John Ingram Lockhart (1812–1889) was an English writer and translator. He is known also for his involvement in radical politics.

==Life==

Letter to Beets (1833)

He was son of James Lockhart, born in Hawkshead, at that time in Lancashire. Brought up in Haarlem, he encouraged his school friend Nicolaas Beets to translate Lord Byron. They also read Walter Scott and Laurence Sterne together. Lockhart in 1877 published a translation of a tale from Beets's 1839 work Camera Obscura, as "The Leyden Eel-bobber".

Letter to Beets (1836)

A Fellow of the Royal Astronomical Society, as his father was, in 1838 Lockhart was listed at the same address, Lanhams in Berkshire. In 1839 he contested Aylesbury as a radical candidate, nominated by John Gibbs. Charles John Baillie Hamilton was elected, Lockhart coming second ahead of George Nugent-Grenville, 2nd Baron Nugent. In 1846, when Donald Maclean who was a sitting MP for Oxford suffered bankruptcy, he put himself forward as a replacement, on a policy platform of six points: (a) abolition of church rates, (b) change in the Poor Laws, (c) abolition of primogeniture, (d) dissolution of the church courts, (e) extension of suffrage, and (f) full civil and religious liberty. He signed from Pomona Place, Fulham. His chances as a prospective candidate were affected by newspaper reports of a fight in a third-class railway carriage, which he had entered in a party with the Rev. William Langley and others.

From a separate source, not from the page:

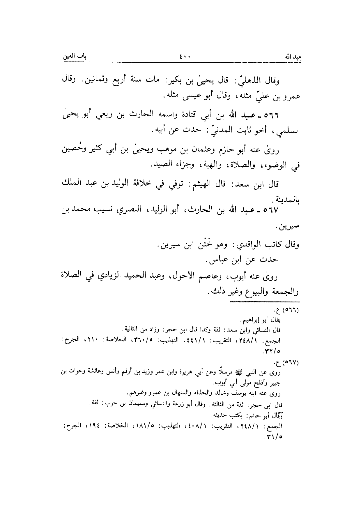 567 - عبد الله بن الْحَارِث أَبُو الْوَلِيد الْبَصْرِيّ نسيب مُحَمَّد بن سِيرِين وَقَالَ كَاتب الْوَاقِدِيّ وَهُوَ ختن ابْن سِيرِين حدث عَن ابْن عَبَّاس رَوَى عَنهُ أَيُّوب وَعَاصِم الْأَحول وَعبد الحميد الزيَادي فِي الصَّلَاة وَالْجُمُعَة والبيوع وَغير ذَلِك

Lockhart spoke at a broad-based reform meeting in London in March 1852. He was then a Chartist candidate in the 1852 general election for Northampton, where two Liberals were elected. At a disorderly meeting in November 1853 at the National Hall, Holborn, for an anniversary of the November uprising, supporters of George Julian Harney and Lockhart clashed to try to gain the chair. In 1855 Lockhart was a speaker for the National Reform League, in July for the State Reform Association, and in December of that year he spoke at a meeting chaired by Francis Bennoch on the Bank Charter Act.

In February 1857 Lockhart chaired a meeting against the Second Opium War; he was on the platform for a March meeting against the Opium War and Anglo-Persian War. After the watershed general election of March–April 1857, perceived to have purged from parliament radicals including John Bright, Richard Cobden and Thomas Milner Gibson, he spoke with Bronterre O'Brien at a London meeting at the Royal British Institution off City Road, chaired by Samuel Lucas. He outlined a political programme of (a) manhood suffrage, (b) more equal distribution of electors in the population, (c) no property qualification for MPs, (d) vote by ballot, and (e) triennial parliaments.

In 1862 Lockhart was in bankruptcy proceedings, as a practitioner of homoeopathy and hydropathy. At the time of his death, he was described as a familiar figure in the British Museum Reading Room.

==Works==
- An Apology for a Thief, or the title of 'Divine Right' a mask to cover the iniquities of the great, by a British Ismaelite (1839)
- Attica and Athens (1842), translated from Karl Otfried Müller, Georg Friedrich Grotefend and others
- The Memoirs of the Conquistador Bernal Díaz del Castillo (1844), translated from the Spanish
- Report of the Fulham Charities (1846)
- The Good Boy Henry, Or, The Young Child's Book of Manners (1849), translation from the Dutch of Nicolaas Anslijn
- The Wife's Peril: A Romance (1867)
- The Triple Angel, poem

A volume of his correspondence with Nicolaas Beets was published in 1884.

==Family==
Lockhart married Emma Marie Angela Hayward in 1841. She died in 1849.